A new analysis from McAfees Avert Labs has predicted that the phenomenon of malware targeting Apples OS X is set to get much worse.
According to McAfees Is Mac OS X the Next Windows?, between 1987 and 2006, the company documented only 76 Apple viruses, compared to 100,000 viruses aimed at Windows over the same period.
Despite the starkness of this contrast, however, the number of vulnerabilities reported to the US National Vulnerability Database that related to OS X had risen from 45 in 2003, to 143 in 2005, an annualised 228 percent rise. By contrast, the rate for Windows was now 78 percent.
For more than 26 years, Apple has avoided the security spotlight, the report says. This good fortune is at least partly due to its significantly smaller share of the personal computer market.
The emergence in 2006 of malware exploiting known and previously unknown (i.e zero-day) vulnerabilities confirms Apples new and unwanted position in the crosshairs of malware authors, the report continues.
According to Sal Viveros of McAfees Avert Labs, past statistics on Apple virus rates were irrelevant. As with Windows, the biggest threat was from malware seeking out specific software vulnerabilities rather than old-fashioned nuisance programs.
Apples OS X was not, as some have supposed, less likely to have such holes than Windows. What mattered was the motivation of malware writers such as criminals to search out and exploit them.
We have seen an evolution in organised crime to finding exploits (on OS X), said Viveros. We are seeing the early stages of a new trend.
Currently, most Apple exploits were aimed at opening holes in the operating system. This would probably evolve so that other software was attacked as well, he said.
The McAfee report concludes: The recent bias of malware authors towards smaller, focused attacks coupled with the easy availability of Mac exploit code on the Internet may one day make the Mac OS a tempting target for the same types of malware currently plaguing the Windows world. Mac users would do well to take notice and become more vigilant.

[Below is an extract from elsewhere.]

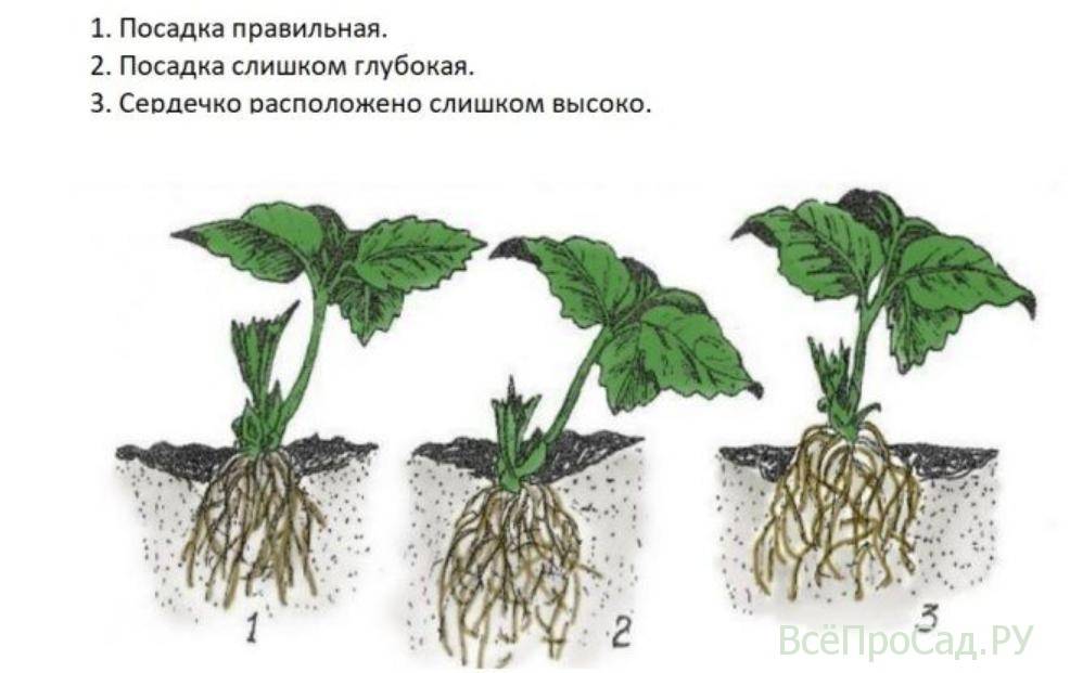 Помещаем саженец в подготовленное углубление. Равномерно распределяем корни. Добавляем землю и уплотняем пальцами, не допуская пустот — грунт должен прилегать к корням. Полностью засыпав лунку, следим чтобы сердечко находилось вровень с землей

McAfee currently sells an anti-virus application for Mac users, and so has a vested interest in selling more copies. Nevertheless, the statistics underline that rise of Apple malware is no myth drummed up to discredit the platform.
It is no longer simply the number of exploits that matters, but their severity and likelihood of hitting an unprotected user.
Viveros had no statistics on the take-up of anti-malware software among Mac users, but suggested that many remained unprotected because they believed the platform was unlikely to be targeted. This only increased the likelihood that a single targeted attack would cause major problems for the Mac community in the near future.